Dorre and Bernier, with a smaller island, Koks, shelter Shark Bay from the Indian Ocean. Barren and forbidding, a horror of flies in summer-time, their western shores are undermined by the sea into steep overhanging cliffs, which sweep down in terraces of sand to the calmer waters of the bay, covered by sparse scrub with never a tree worthy of the name. A narrow race of water runs between them with sweeping tides and tremendous tide-rips tumultuous in wild weather.

On Dorre, where the women were segregated, was a well equipped hospital with doctor’s residence, laboratory, nurses’ quarters and dispensary. A skilled bacteriologist was in charge. His staff consisted of dispenser, matron and two nurses. In his own cutter the doctor periodically crossed the strait to attend the men on Bernier, but sometimes when he was needed most a storm or heavy swell made it impossible for him to come.

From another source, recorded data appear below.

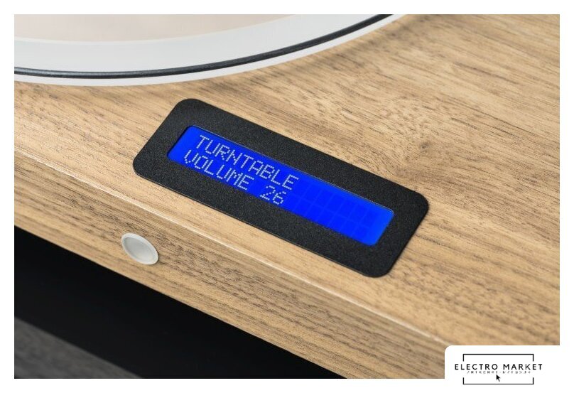 ременной привод, 33 1/3, 45 и 78 об/мин, электронное переключение скоростей, тонарм поворотный (прямой), картридж с подвижным магнитом (MM), цвет белый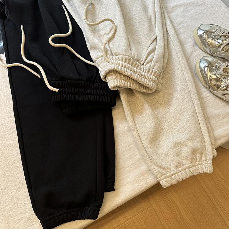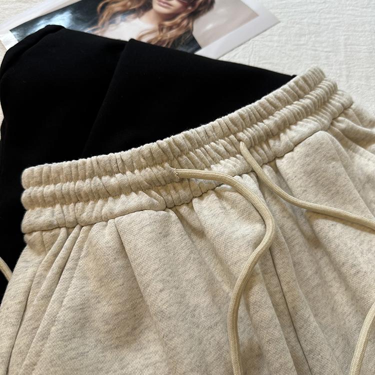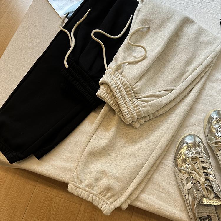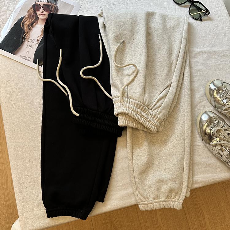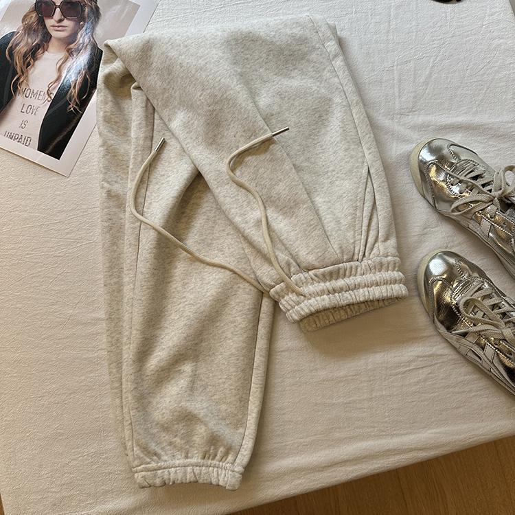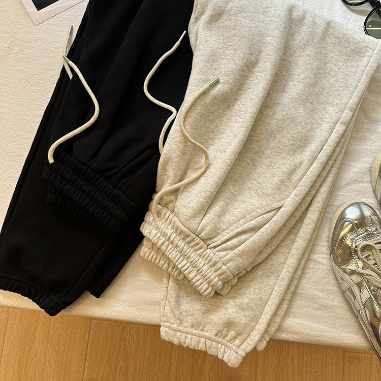 Pantalones deportivos de felpa de algodón de color sólido para mujer 2024 otoño nuevos elásticos de cintura alta pantalones casuales de punta combinables pantalones ajustados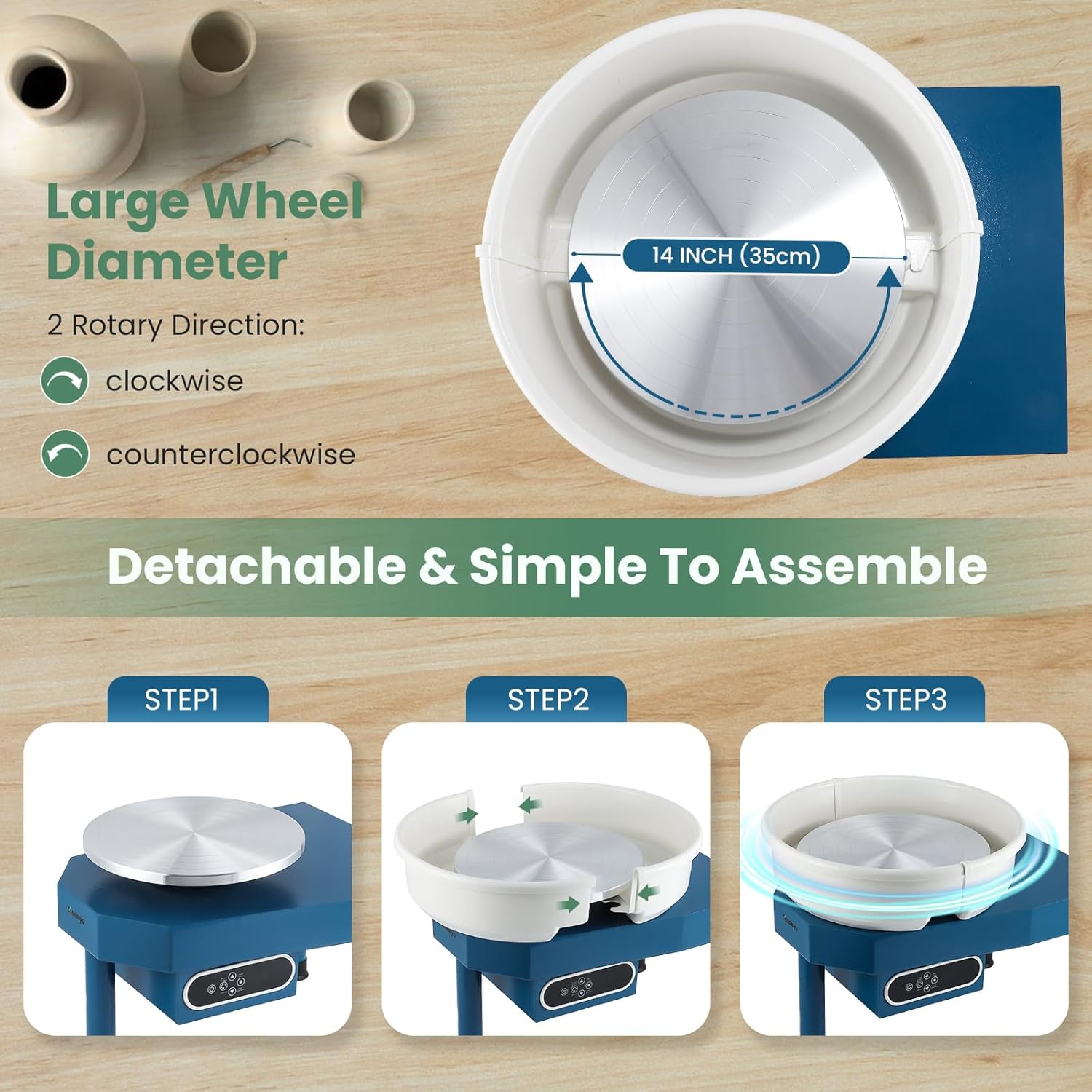 Wide ranging usage: Our ceramic wheel machine can be used not only for professional pottery studio pottery bars home use but also for studio with pottery needs. Easy to operate it can be used by both adults and teens to have a happy time together

When I landed on Bernier Island in November 1910, there were only fifteen men left alive there, but I counted thirtyeight graves. The doctor’s assistant and the orderly staff occupied a wooden building on a rise, the hospital was a tent, and the sick were housed in three-sided huts of canvas, each with a half-roof of corrugated iron. The natives on both islands preferred the open bush to all the hospital care and comfort.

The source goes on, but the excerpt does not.